Finding Structurally Similar Nodes

When you want to know which other nodes in the graph behave like a given node — same connectivity pattern or similar text — find_similar_nodes exposes the modes implemented on ContextGraph today.
# Content similarity — text overlap on node content fields
content_similar = graph.find_similar_nodes(
    "CVE-2024-3400",
    similarity_type = "content",
    top_k           = 5,
)

# Structural similarity — nodes with similar neighbourhood topology
struct_similar = graph.find_similar_nodes(
    "CVE-2024-3400",
    similarity_type = "structural",
    top_k           = 5,
)

for n in content_similar:
    print("[{:.3f}] {}  {}".format(n["score"], n["type"], n["id"]))
similarity_type="content" compares node text/content, while similarity_type="structural" compares neighbourhood topology. Other values currently fall back to content similarity, so reserve "embedding" for lower-level KG APIs rather than ContextGraph.find_similar_nodes().

Domain Examples

Finding the primary attribution path from a C2 IP to a threat actor, then finding all alternative corroboration paths to strengthen the attribution case before it goes into an intelligence product.
from semantica.context import ContextGraph
from semantica.kg import PathFinder
from semantica.utils.helpers import classify_path_distance

graph = ContextGraph(advanced_analytics=True)
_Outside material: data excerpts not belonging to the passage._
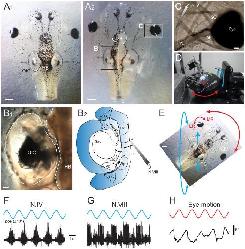 B1,2) and extraocular neuromuscular system (i.e. N.IV motor innervation of the SO eye muscle in C) accessible for extracellular single- and multiple-unit recordings and bath-application of drugs; further removal of the entire hindbrain (HB, white dashed line in B1) yielded access to the peripheral part of the N.VIII for electrophysiological recordings of afferent fibers innervating the different vestibular sensory endorgans in the otic capsule (B2). D,E, A computer-controlled turntable (D) allowed spatially specific application of sinusoidal rotational stimuli of semi-intact preparations in the horizontal (red arrows) and vertical planes (e.g. left AC - right PC, blue arrows in E). F,G, Typical multiple-unit discharge modulation, recorded from N.IV (trochlear nerve, F) and the anterior branch of N.VIII (vestibular nerve, G) during 5 cycles of rotation (0.5 Hz) in the AC - PC plane, illustrated in E. H, In vitro optical motion recording of the left eye (E) during 5 cycles of rotation in the horizontal plane (0.5 Hz). Scale bar is 1 mm in A1,2 and 0.2 mm in B1,C; calibration bar and positional excursion amplitude of the rotational stimulus in F also apply to G,H; AC, PC, anterior, posterior vertical semicircular canal; LR, MR, SR, lateral, medial, superior rectus eye muscle; SO, superior oblique eye muscle; OT, optic tectum, Tpos, table position. |
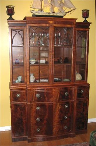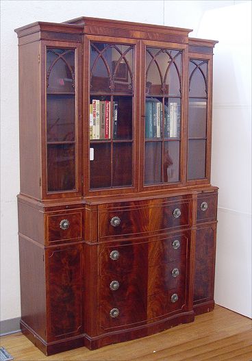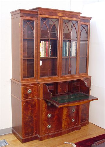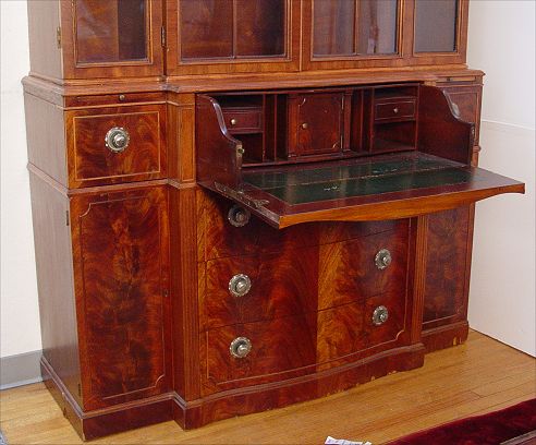 RICHLY GRAINED BANDED MAHOGANY BREAKFRONT SECRETARY DESK: Bookcase or china display, fall front desk over three drawers. The pulls are unusual embossed silver metal. Measures 80 1/4'' high x 54'' x 19 1/2''
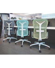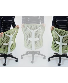 Schienale in polipropilene ad alto modulo, a vista, o imbottita con spugna rivestita in tessuto, con supporto a forma di Y in poliamide con carica di fibra vetro, finitura nera o bianca, con supporto lombare integrato
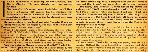 Editorial content. „WILL THE CHAPLINS DIVORCE?
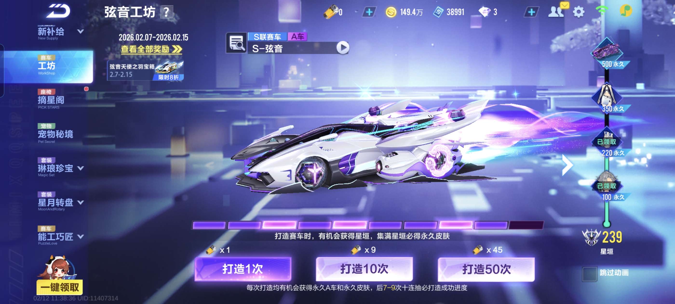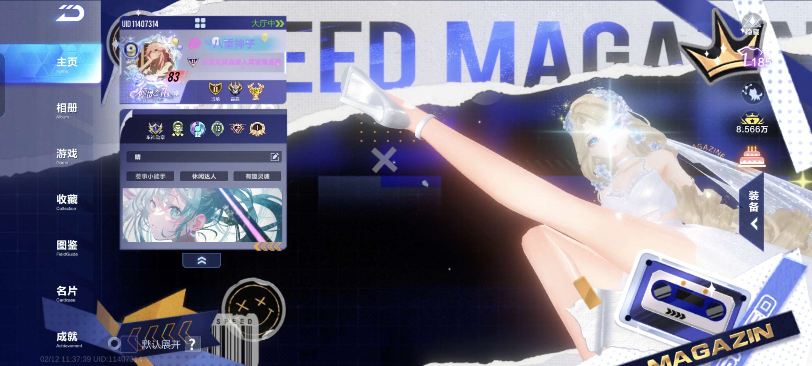 V9号便宜出,有全套转盘+变色名,月影很多皮肤,弦音还差一格,宠物有女王,可以小砍
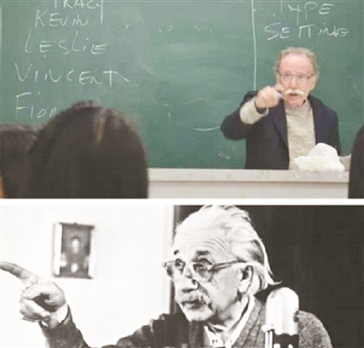 近日,福建农林大学海外学院一位外教,因外形酷似爱因斯坦而在微博上走红。 这位外教来自美国,负责英语和社会学的教学。由于他英文姓氏中的Manzo与汉语“慢走”发音相似,同学们都称他为“慢走”教授。这是微博上走红的照片,图片拍摄者将加里·曼左(上)与爱因斯坦的照片拼版进行对比。
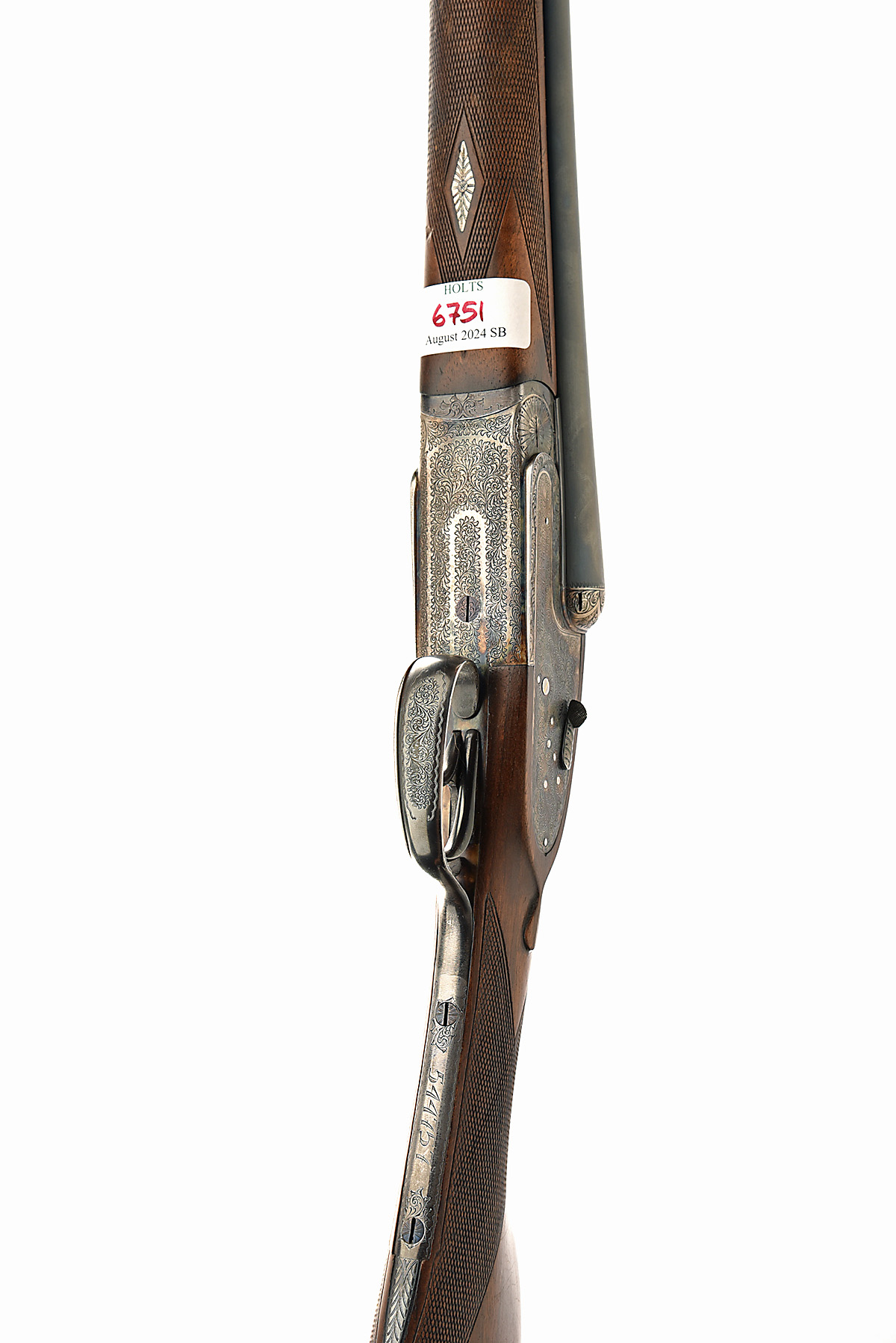 AYA 12-BORE 'NO.2 MODEL' HAND-DETACHABLE SIDELOCK EJECTOR, serial no. 544757, dated 1979, 26in. nitro barrels, 2 3/4in. chambers, bored approx. imp. cyl. and 1/4 choke, removable striker discs, automatic safety, hand-detachable lockplates, gold-inlaid cocking-indicators, articulated front trigger, rolled-edge triggerguard, border and acanthus scroll engraving, retaining much original colour-hardening and finish, 15 1/2in. stock including 1in. rubber recoil pad, weight 6lb. 12oz.

for node_id, ntype, content in [
    ("apt29",       "ThreatActor",   "APT29 / NOBELIUM / Cozy Bear"),
    ("hammertoss",  "Malware",       "HAMMERTOSS C2 backdoor"),
    ("twitter_c2",  "Infrastructure","APT29 Twitter C2 (steganography)"),
    ("github_c2",   "Infrastructure","APT29 GitHub dead-drop resolver"),
    ("as200651",    "Network",       "APT29 hosting cluster AS200651"),
    ("nato_gov",    "Target",        "NATO government agency"),
]:
    graph.add_node(node_id, ntype, content)
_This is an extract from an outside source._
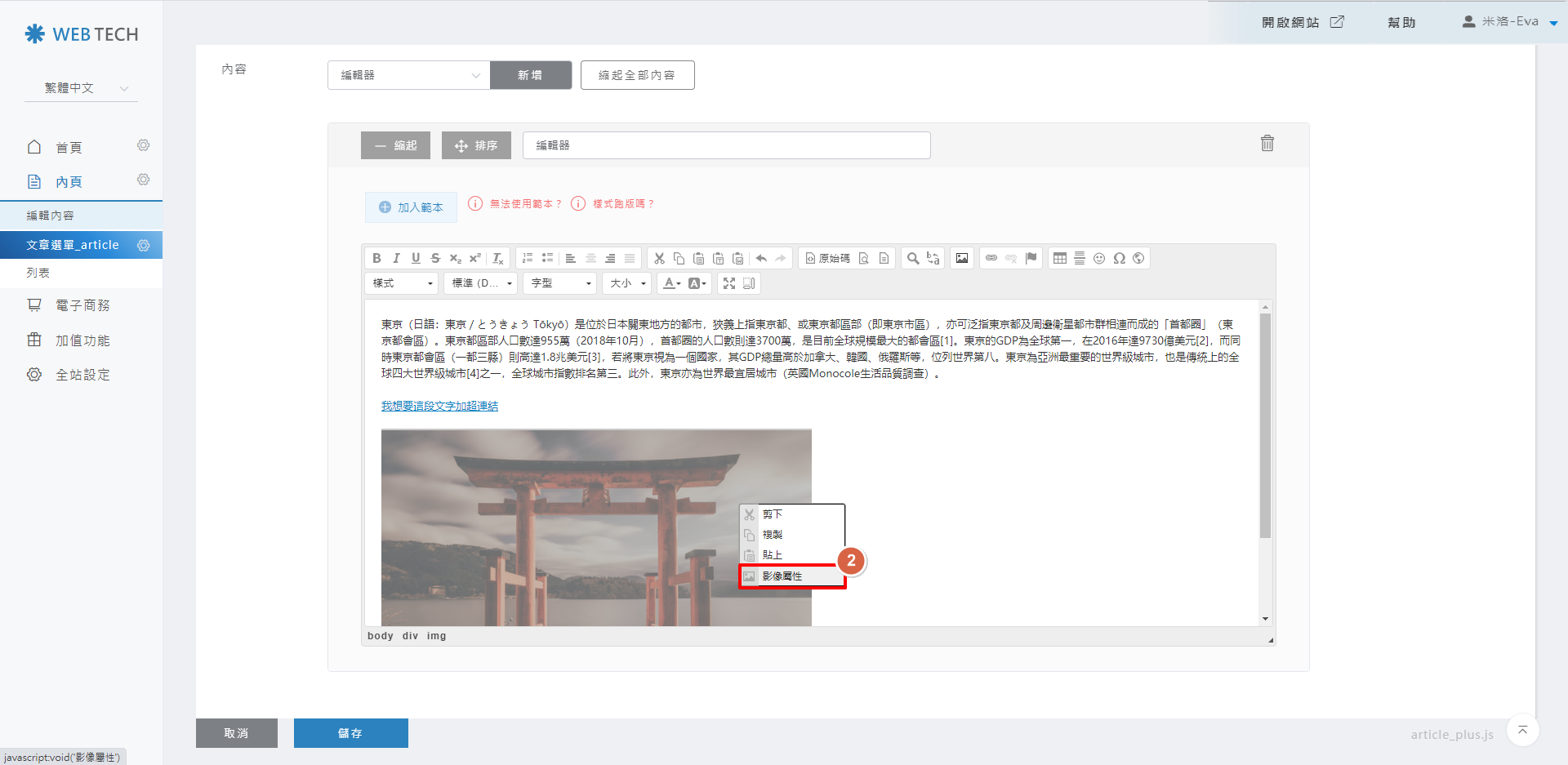 圖片插入到編輯器後,為了讓電腦、平板、手機可以正常瀏覽圖片,請在圖片上點右鍵,並選擇「影像屬性」

graph.add_edge("apt29",     "hammertoss",  "deploys",   weight=0.95)
graph.add_edge("hammertoss","twitter_c2",  "c2_via",    weight=0.88)
graph.add_edge("hammertoss","github_c2",   "c2_via",    weight=0.82)
graph.add_edge("twitter_c2","as200651",    "hosted_on", weight=0.90)
graph.add_edge("github_c2", "as200651",    "resolves",  weight=0.76)
graph.add_edge("as200651",  "nato_gov",    "targets",   weight=0.85)

pf = PathFinder()

# Primary attribution path
primary = pf.dijkstra_shortest_path(graph, "apt29", "nato_gov")
length  = pf.path_length(graph, primary)
band    = classify_path_distance(len(primary) - 1)
print("Primary [{}] length={:.3f}: {}".format(band, length, " → ".join(primary)))

# Three corroboration paths
k_paths = pf.find_k_shortest_paths(graph, "apt29", "nato_gov", k=3)
for i, path in enumerate(k_paths, 1):
    l = pf.path_length(graph, path)
    b = classify_path_distance(len(path) - 1)
    print("Alt {}: {} [{}, length={:.3f}]".format(i, " → ".join(path), b, l))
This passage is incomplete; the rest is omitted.